The Cost of Imagination.

I suppose it's one of the effects of our atomized and modern internet age. Rather than walk down the street at twilight and look into other people's homes and apartments, we can browse the real estate section to scratch our voyeurism itch. Accordingly, we can "visit" more homes each evening than a cat burglar on steroids.

Between the gilded real estate sections of The New York Times and the even more plutocratic section of The Wall Street Journal, all it takes is a few clicks to see how the 1-percent of the 1-percent of the 1-percent live. You know, the people who make upwards of $50 million per annum and have political-and-class-influence enough to pay a smaller percentage in tax than a school teacher or sanitation worker. You know, the ones complaining about the poor bilking the system.

In the cheery neo-fascist Wall Street Journal this weekend, I saw the article above. Anyone who loves New York and history as I do, has some affection for the Woolworth building. From 1913 when it was built, until about 1931, when the Empire State Building topped out, it was the tallest building in the world. And it housed the Walmart/Amazon of its day, the five-and-dime magnates of the Woolworth's corporation. Famous for cheap merchandise and not serving African-Americans at their lunch counters.

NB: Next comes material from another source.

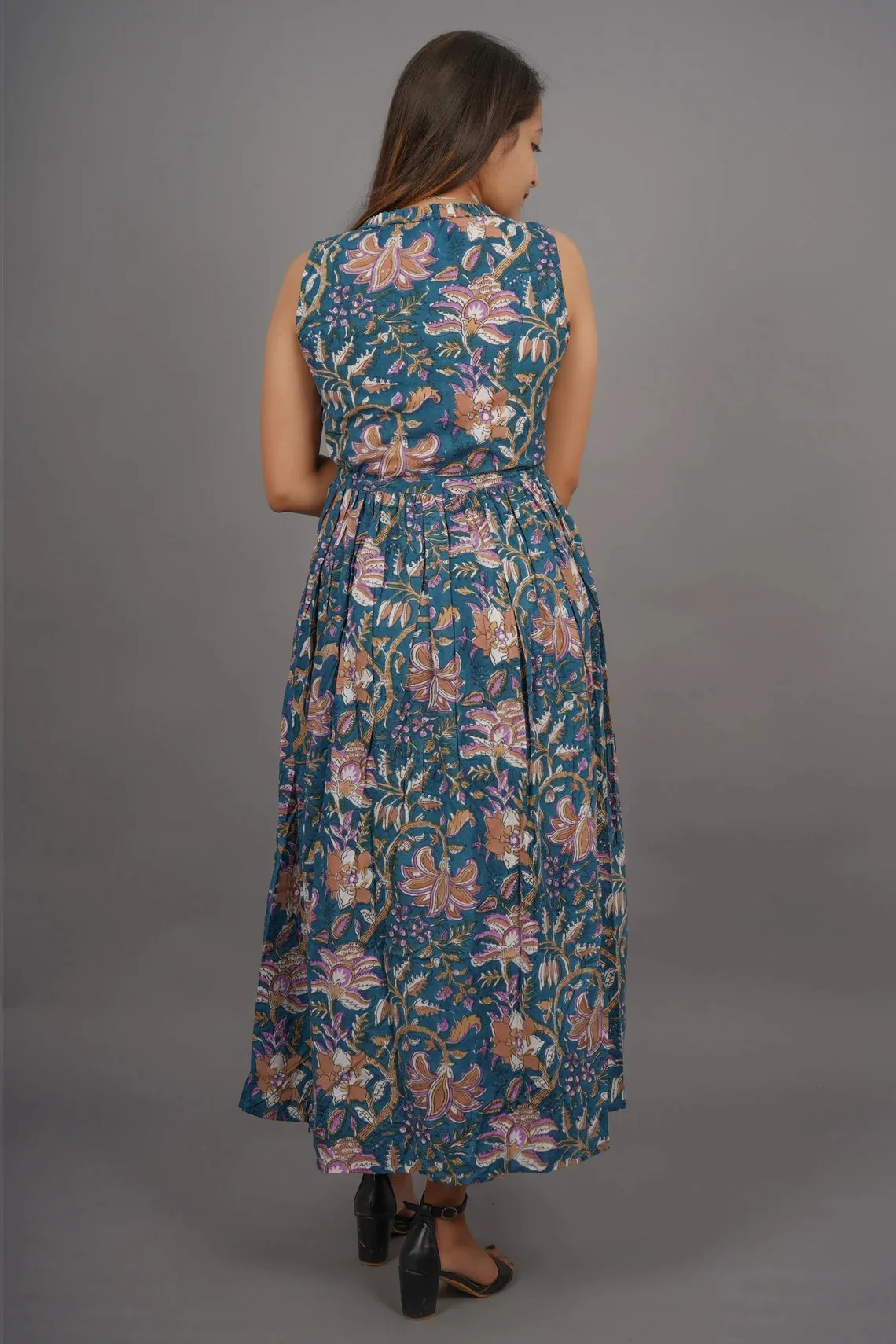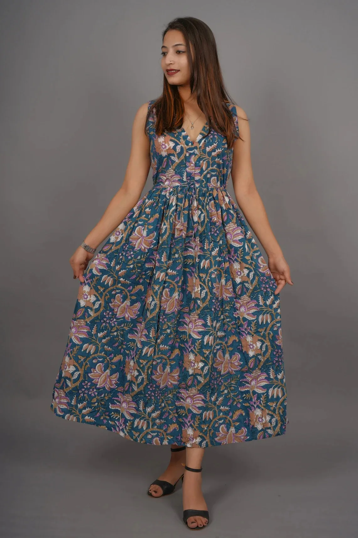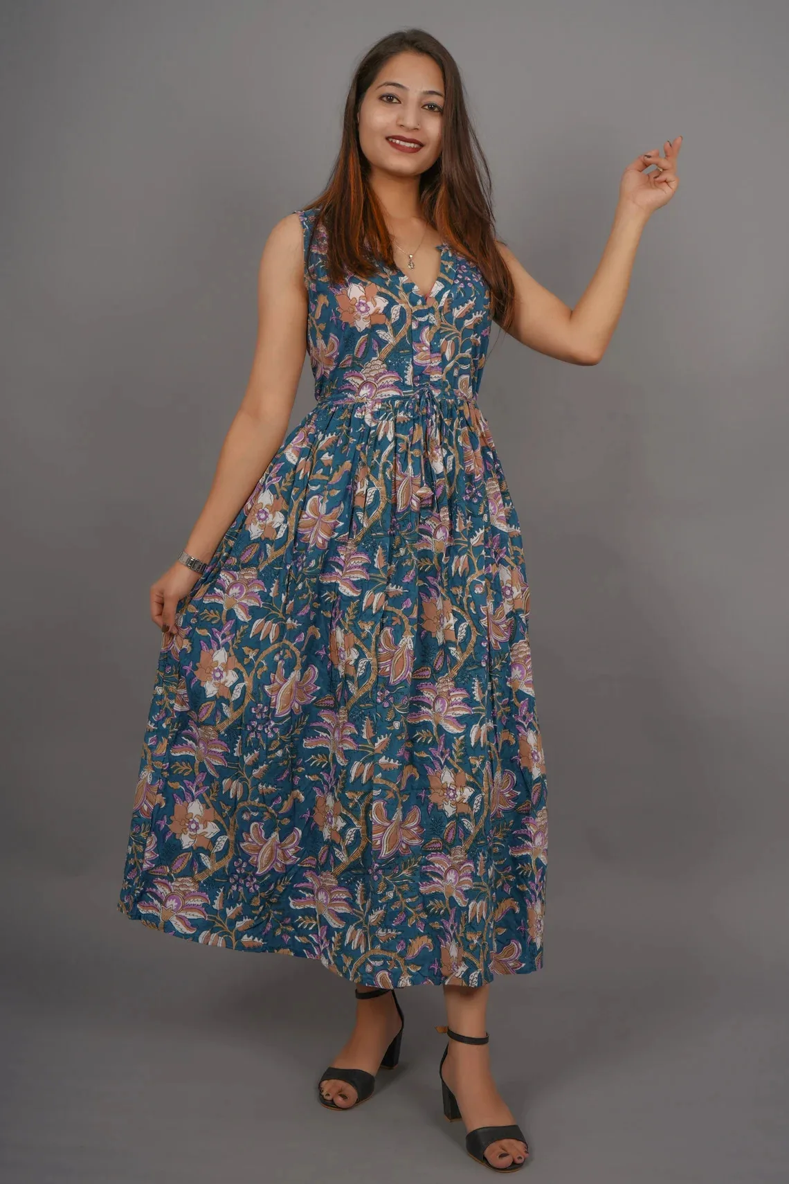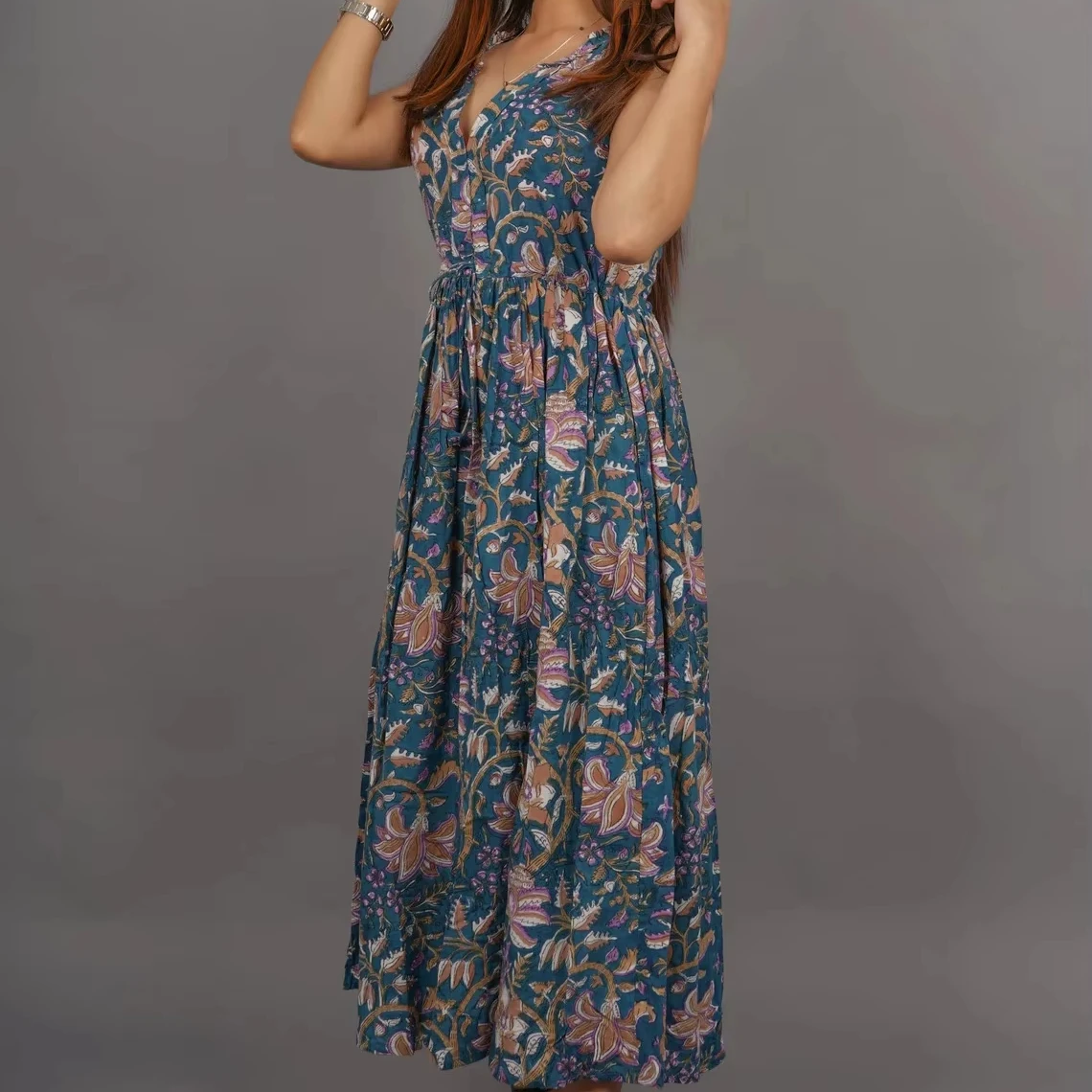 Hand Block Printed Cotton Maxi Dress Floral Handmade Summer and Autumn Season Nonwoven Weaving Method

As you'd expect in New York, where a hot dog stand has more permanence than actual marble monuments, for the last quarter-century or so, the Woolworth Building has fallen into relative deshabille. The whole affair looks a bit like Miss Havisham's mansion--complete with stopped clocks--and the slovenly area around the aerie has that distinct smell of vintage New York urine--a mixture of the human, canine and equine liquids, with gallons of the rodent variety mixed in for an amuse-bouche.

Inveterate New Yorkers like myself also love stories of fall-on-your-face failure. We await, like we're waiting for a space-launch, the collapse of the Potemkin edifices made by Trump. And any New Yorker worth his spittle and gristle knows it's coming and knows it will resound like a ConEd steam explosion.

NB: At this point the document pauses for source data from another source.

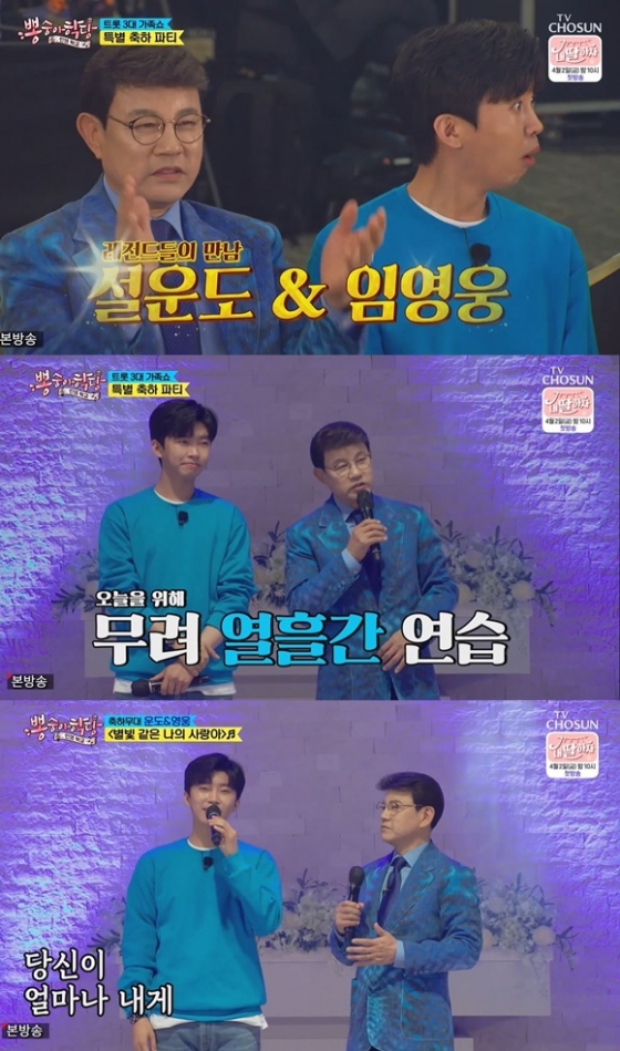 이날 방송에서 설운도와 임영웅이 임영웅의 신곡 '별빛 같은 나의 사랑아' 컬래버 무대를 함께 했다. 설운도는 "저희가 이 무대를 위해 열흘간 같이 연습했다"고 밝혔다.
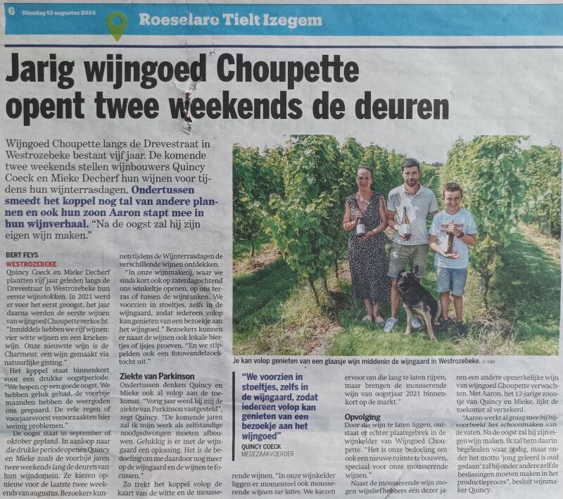 Artikel verschenen in de krant van West-Vlaanderen (12/08/2022)
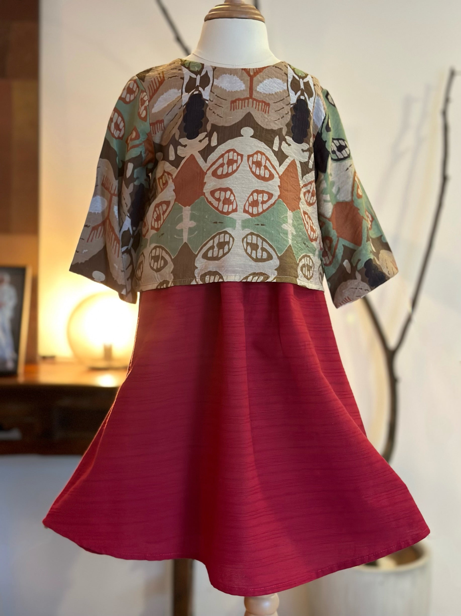 The top is crafted from a blend of luxurious cotton and rayon, adorned with a variety of exquisite multicolored prints. Its fully lined design adds an extra layer of comfort and style. The bottom features a 100% cotton fabric with embroidered stripes in a regal ruby red hue.
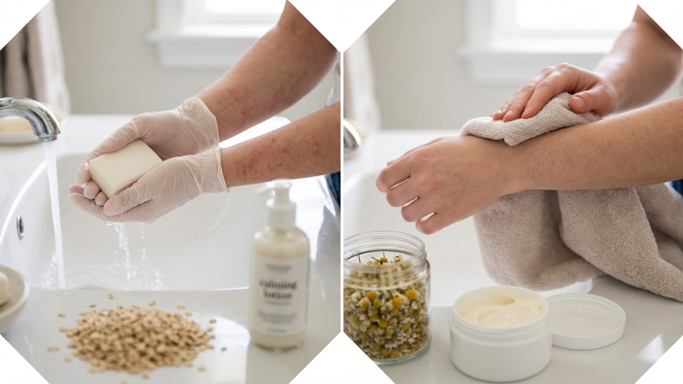 National Eczema Association sering kali merekomendasikan produk pembersih spesifik yang bebas dari iritan sebagai lini pertama dalam perawatan harian.
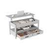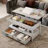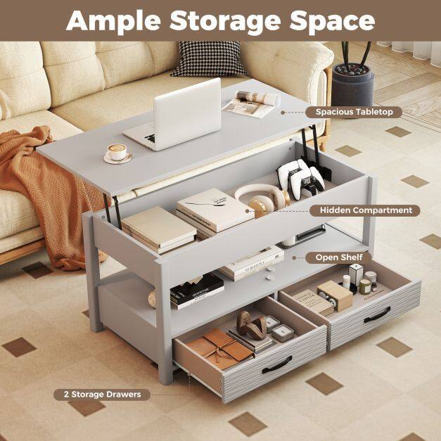 Ample storage space: The living room table is thoughtfully designed with optimal storage solutions. A large, hidden compartment under the tabletop offers discreet space for remote controls, magazines, and other living room items, while a spacious open shelf and two drawers ensure simple and stylish organization.
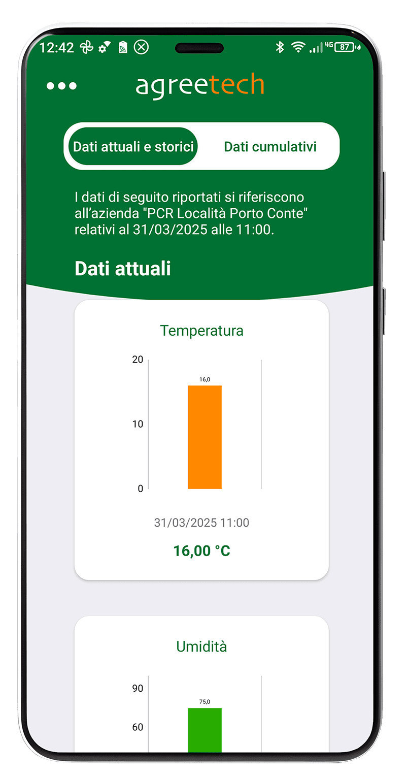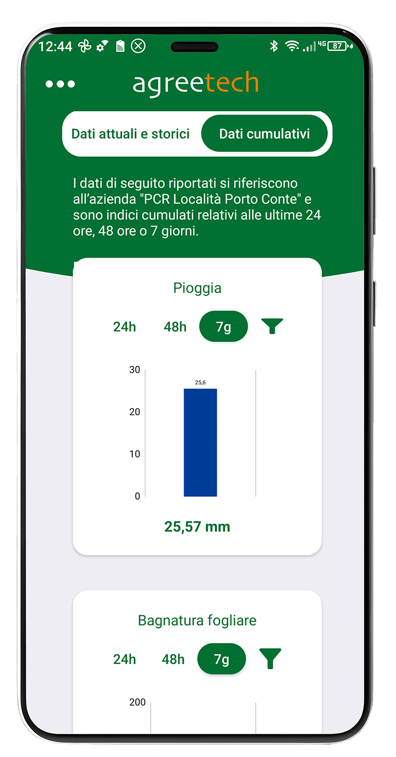 Accedi a dati micro-climatici storici, attuali e previsionali, sempre affidabili e costantemente aggiornati (sensori, satelliti e previsioni ad alta risoluzione) per ottimizzare le decisioni agronomiche in ogni campo agricolo migliorando resa, sostenibilità e gestione delle risorse.

So when I saw that the penthouse in the Woolworth Building, which had been asking $110,000,000 sold for a mere pittance-- $30,000,000, the article beckoned like the Beatles were getting back together with maybe a boxing exhibition by Muhammad Ali as a warm-up act--and I was being offered front-row seats.





Despite the obvious allure of the apartment, the Journal reported, "The apartment is unusual for its verticality, resembling a lofty white cylinder with a quirky hodgepodge of windows. It is surrounded by four turrets and comes with a private, 360-degree observatory deck with elaborate Gothic ornamentation...."

Here's the bit of the article that struck me, an ancient advertising person as most important--and relevant to our industry.

"The penthouse was a particularly tough sell because it required a buyer to have imagination," [the broker] said. "All the buyers who came in were affluent and well-heeled. But I would say 50% to 70% walked in, even with their architects, and said, 'Great space, what do I do with it?"

That made me immediately think of all the metaphorical "great spaces," I had created in storyboards and print ads and websites and speeches through the years that I was unable to sell because they "required a buyer," (a client or an account person or a creative director) "to have an imagination."

While the "price" of my creative didn't plummet from $110 million to $30 million, my failures to fire my viewers' imagination surely hindered my ability to accumulate all the money or acclaim I might have been worth.

Maybe today's post is a stretch. 

But when we create work that we believe demands "bravery" from a client, perhaps we should think of it as a four-story penthouse in a century's-old office building converting to apartments for the mega-wealthy. 

The buyers have plenty of other choices. And there are plenty of apartments or commercials that are square, classical, elegant, expected and easy-to-buy.

The best of our work is none of those things. The proportions are usually askew. In short, the best of our work requires the buyer to have an imagination.

It takes a lot of work to come up with the work. And on those rare occasions that you do, you should remember, the work of selling the space is even more important.

Without doing that work, you could give yourself a $80 million haircut.